(Data under study begins)
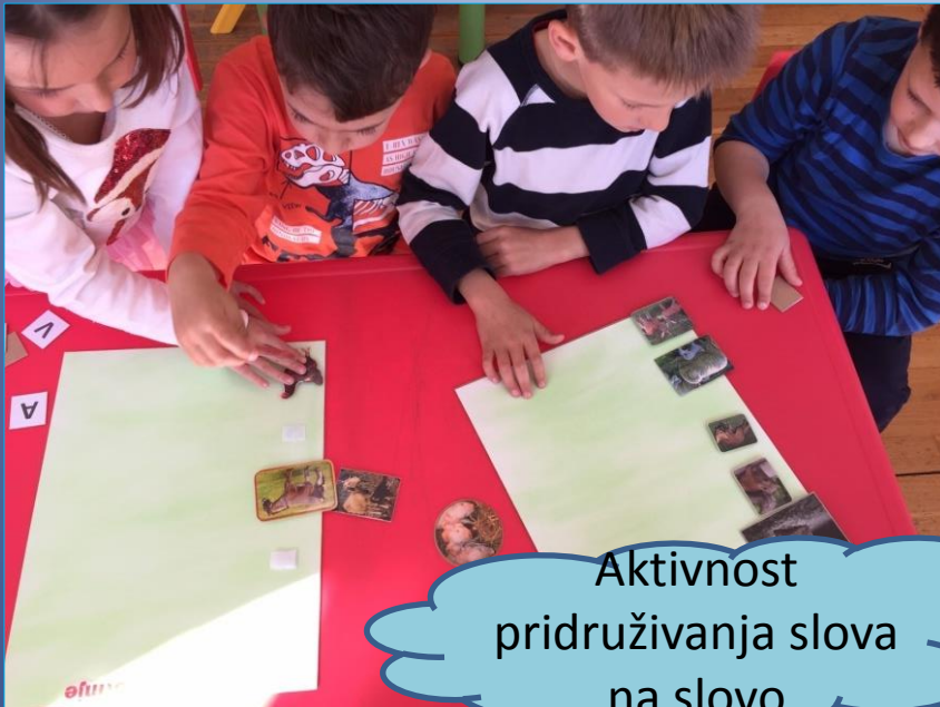
Aktivnost pridruživanja slova na slovo
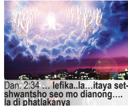
Dan. 2:34 ... lefika... itaya setshwantsho seo mo dianong... la di phatlakanya

MOPOROFETI Daniele o ne a bona gore ka nako e batho ba tla leakang go kopanya Ditshaba tsa Yuroa le nako e lefatshe le tla nngang le dipetso tse di oketsegileng le dintwa, lefika le legole lo tla itaya dinao tsa setshwantsho mme le tla se phatlakanya ka botlalo. Lefika le le emetse Go tla ga ga Jesu Keresete (Dan. 2:34-35, 44; Pesalema 18:32). Keresete O tla tla gape ka bonako mo marung a legodimo ka baengele ba Gagwe, mme O tla bonwa ke batho botlhe (Tshe. 1:7). Gore batho ba tle ba baakanyediwe tsa go rapela e, le gore ba tle ba kgone go ema mo katlholong, Modimo O tlhagisa batho ka molaetsa wa bofelo wa kutlwelebotlhoko o o fitlhelwang mo Tshenolo 14:6-12.
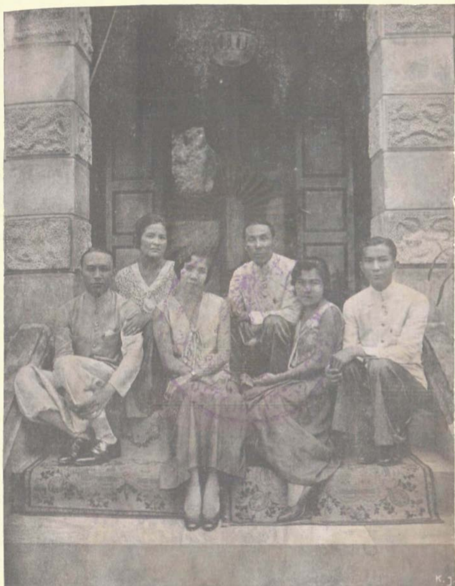
พระเจ้าบรมวงศ์เธอ กรมหมื่นอนุวัตน์จาตุรนต์ ทรงถ่ายพร้อมด้วยหม่อม, โอรสและธิดา เมื่อ พ. ศ. ๒๔๗๕
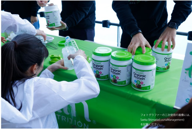
フォトグラファーの二次使用の画像には、Saeka Shimada(LuusaManagement)を記載ください。
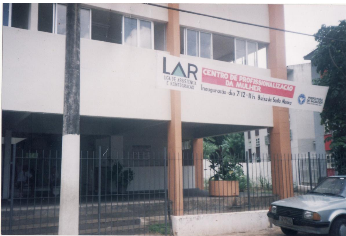
FIGURA 7: FACHADA DO PRÉDIO ONDE ESTA LOCALIZADA A CEPROM
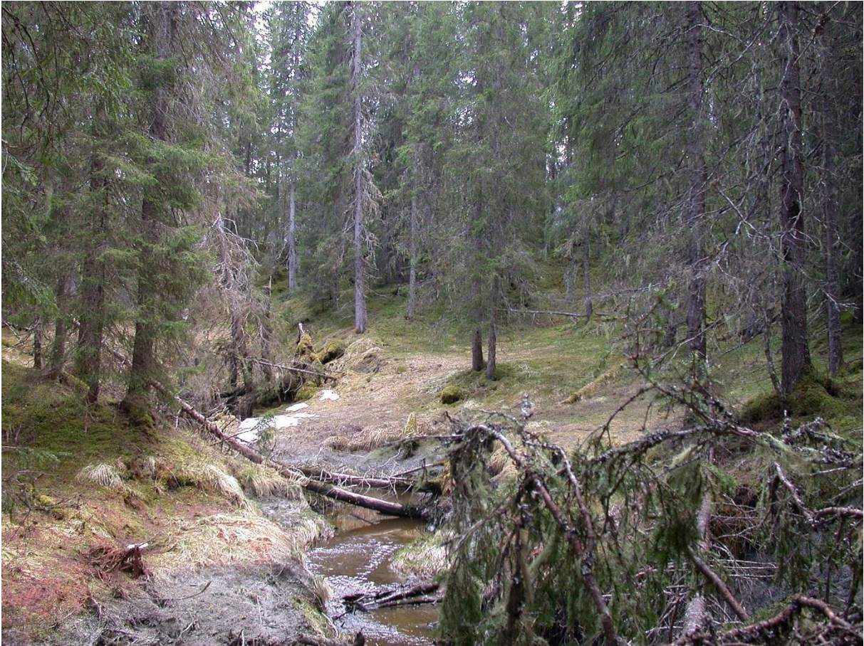
Figur 16. Habitat for trønderlav Erioderma pedicellatum – Flenga i Overhalla.
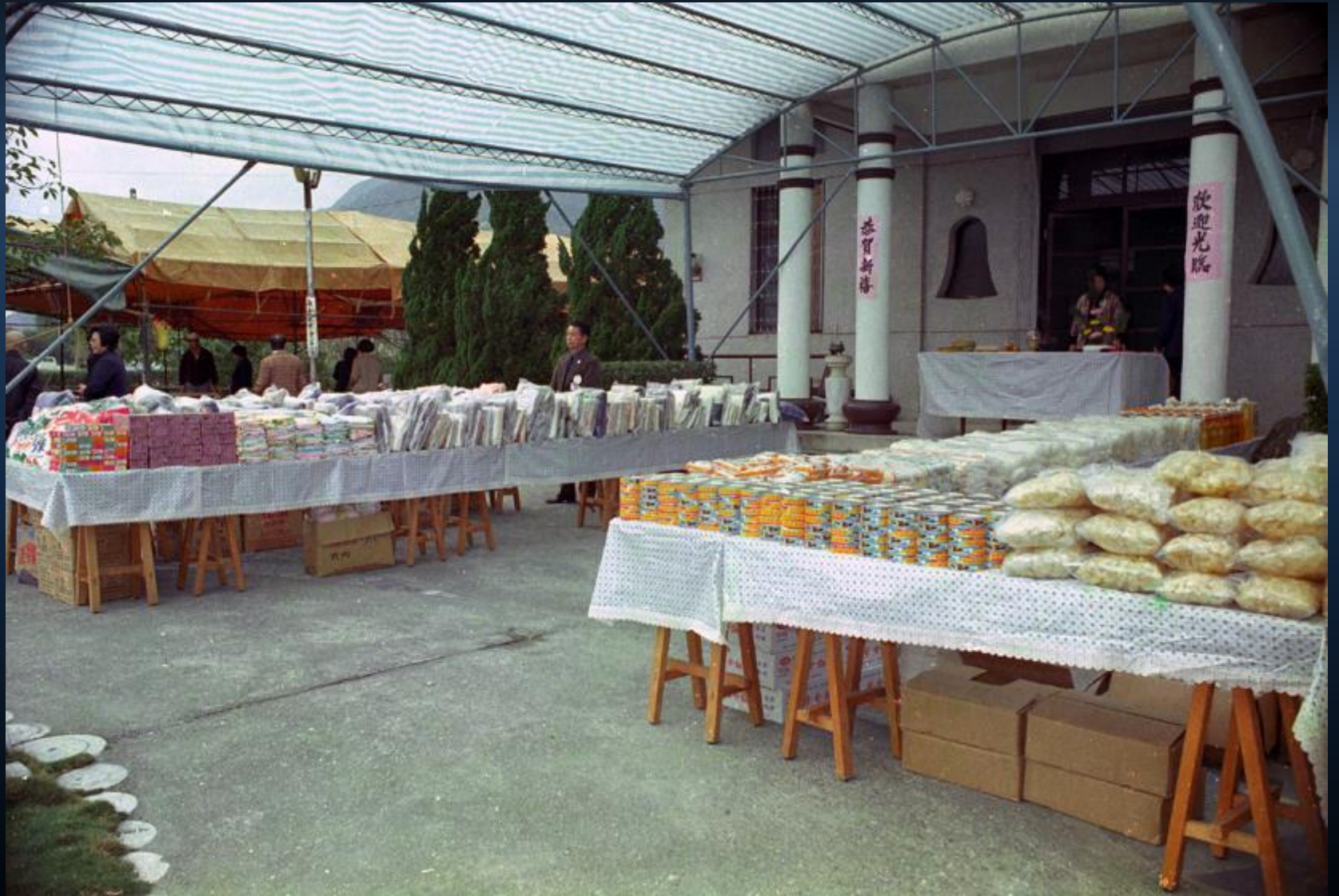
精舍大殿前面擺放整齊的冬令發放物資。
(Data under study ends)
• Problem details:
Nothing but the lines from the line with "เมื่อ พ. ศ. ๒๔๗๕" through the last line of the listing should be copied, exactly and with both ends kept. Leave pictures out.

• Solution to the exercise:
พระเจ้าบรมวงศ์เธอ กรมหมื่นอนุวัตน์จาตุรนต์ ทรงถ่ายพร้อมด้วยหม่อม, โอรสและธิดา เมื่อ พ. ศ. ๒๔๗๕
フォトグラファーの二次使用の画像には、Saeka Shimada(LuusaManagement)を記載ください。
FIGURA 7: FACHADA DO PRÉDIO ONDE ESTA LOCALIZADA A CEPROM
Figur 16. Habitat for trønderlav Erioderma pedicellatum – Flenga i Overhalla.
精舍大殿前面擺放整齊的冬令發放物資。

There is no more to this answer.